# My planted 10 gallon, and my vampire shrimp



## Guest (Dec 5, 2007)

The first 2 pics are my shrimp...he was hiding, so I couldn't get very good pics of him...but that's about it...

The rest are of my 10 gallon...the first time any of you have seen it since I put live plants in it awhile ago...


----------



## Guest (Dec 5, 2007)

.........................


----------



## shade2dope (Jan 21, 2007)

very nice andrew


----------



## cocomania (Nov 16, 2007)

Nice pics, Ive never even heard of that vampire shimp.


----------



## Guest (Dec 5, 2007)

Very nice! Good pic too .


----------



## Ice Prince (Jun 15, 2007)

Nice pics, but a little dark.


----------



## Guest (Dec 5, 2007)

Looks great, Andrew! That shrimp is kinda scary looking.


----------



## Guest (Dec 5, 2007)

Thanks guys...Sorry the pics are so small...I had to resize them, and that's the largest the computer would let me download them as.

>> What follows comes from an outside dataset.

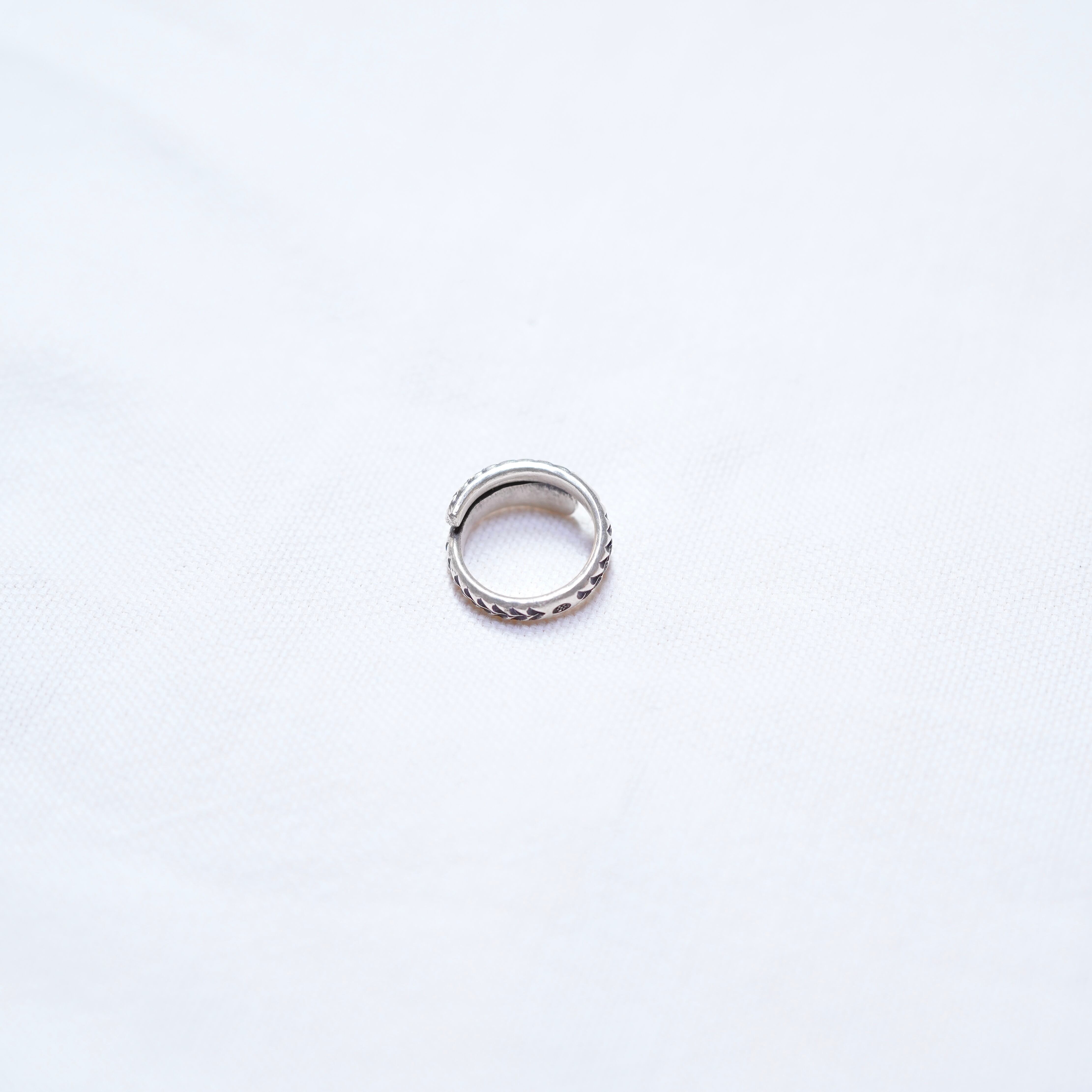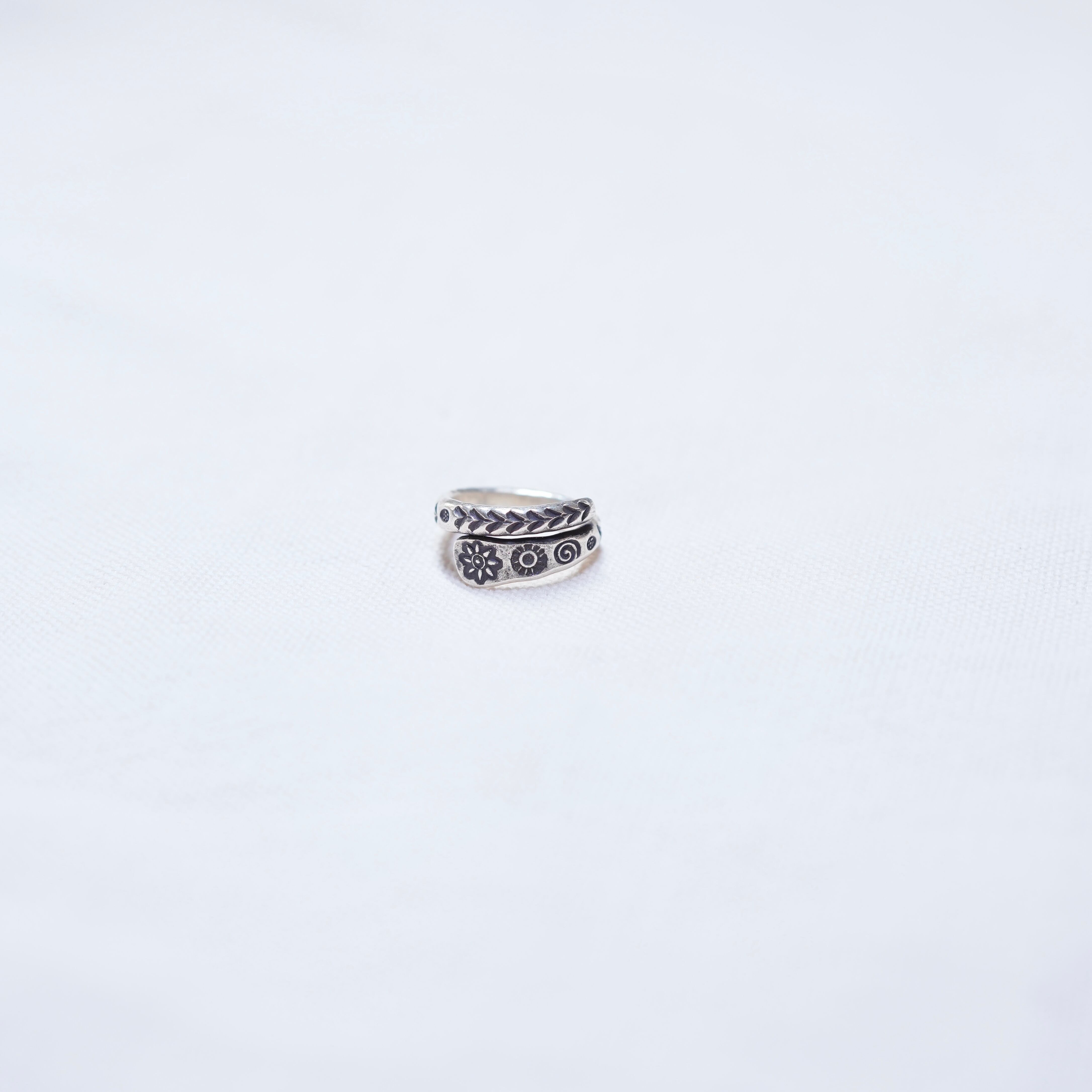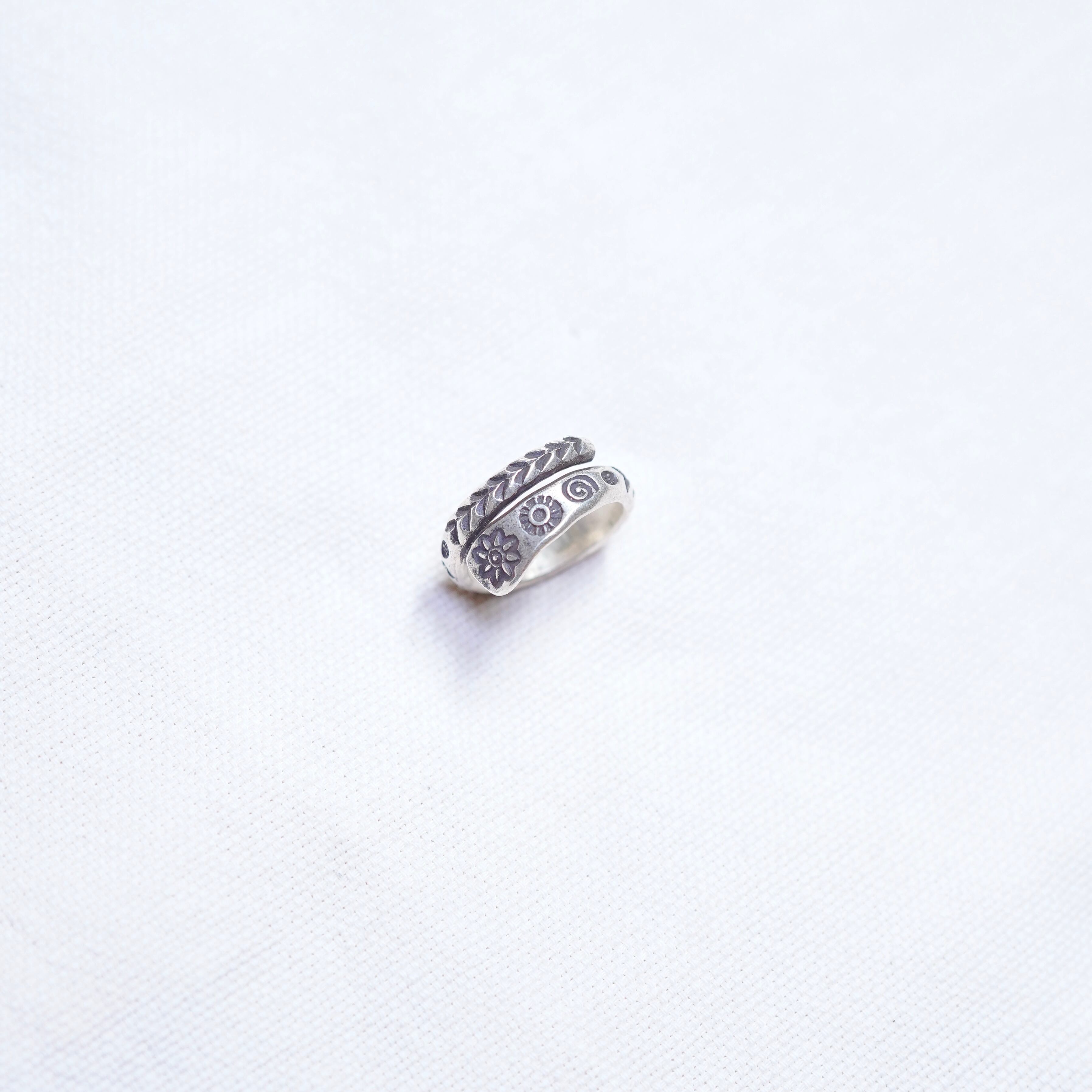 花などのボタニカルな雰囲気のスタンプが施されたリングです。スパイラル状のアシメントリーが特徴。軽い着け心地で、どんなスタイルにも合わせやすくマルチに付けて頂けます。純度の高いシルバーを使用しており、カレンシルバーらしいアイテムです。

When I see the shrimp out and about, I'll try to get some pics of his whole body and his feet. His feet, instead of little feeler things like other shrimp, look like really sharp, fangy things, which is why I think theyu're called vampire shrimp, cause other than that, their filter feeders...can't even eat a baby guppy His legs are also covered in spiny things.

I'll also try to get better pics of the tank


----------